Jailed Al Jazeera Journalist Speaks Out From Egyptian Prison

Peter Greste, one of three journalists arrested in Egypt while working for Al Jazeera, is speaking out about his detention in letters from jail, describing his commitment to fighting what he called an "attack on freedom" by the country's government.

Greste was arrested at Al Jazeera's Cairo bureau late December along with three other journalists. The Ministry of the Interior accused them of conspiring with the Muslim Brotherhood. One of Greste's colleagues was later released, while Egyptian authorities extended the detention of Greste, who is Australian, Egyptian-Canadian journalist Mohamed Fahmy and Egyptian cameraman Baher Mohamed for another 15 days.

Greste wrote in letters to his parents— which were reportedly smuggled out of jail and published Saturday — that he was not allowed to leave his cell in Cairo's Tora Prison for the previous ten days. He described the conditions in which his colleagues are being held:

"Fahmy and Baher have been accused of being MB members, so they are being held in the far more draconian 'Scorpion prison' built for convicted terrorists. Fahmy has been denied the hospital treatment he badly needs for a shoulder injury he sustained shortly before our arrest. Both men spend 24 hours a day in their mosquito-infested cells, sleeping on the floor with no books or writing materials to break the soul-destroying tedium."
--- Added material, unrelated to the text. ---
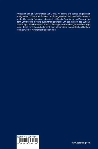 Anlässlich des 65. Geburtstags von Detlev W. Belling und seines langjährigen erfolgreichen Wirkens als Direktor des Evangelischen Instituts für Kirchenrecht an der Universität Potsdam haben sich zahlreiche Autorinnen und Autoren aus dem Umfeld des Instituts zusammengefunden, um das Wirken des Jubilars zu würdigen. Die Festschrift umfasst Beiträge aus dem Religionsverfassungsrecht, dem kirchlichen Arbeitsrecht, dem allgemeinen evangelischen Kirchenrecht sowie der Kirchenrechtsgeschichte.
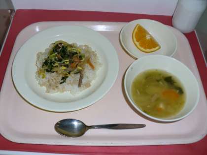 ビビンバ 牛乳 豆腐と野菜のスープ くだもの

The journalists were arrested on suspicion of "broadcasting false news," according to a statement from the interior ministry. Egyptian authorities said that they possessed materials supporting the Muslim Brotherhood, which, months after the overthrow of former president Mohammed Morsi, was recently labeled a "terrorist organization" by Egypt's current government.

In his letter, Greste wrote that he was aware of the risk he took by speaking to opposition voices. The decision however had been necessary, he wrote, in order to provide balanced reporting. "How do you accurately and fairly report on Egypt's ongoing political struggle without talking to everyone involved?" he wrote. "I worried about this at the time with Mohamed Fahmy, but we decided that the choice was obvious – as obvious as the price we are now paying for making it."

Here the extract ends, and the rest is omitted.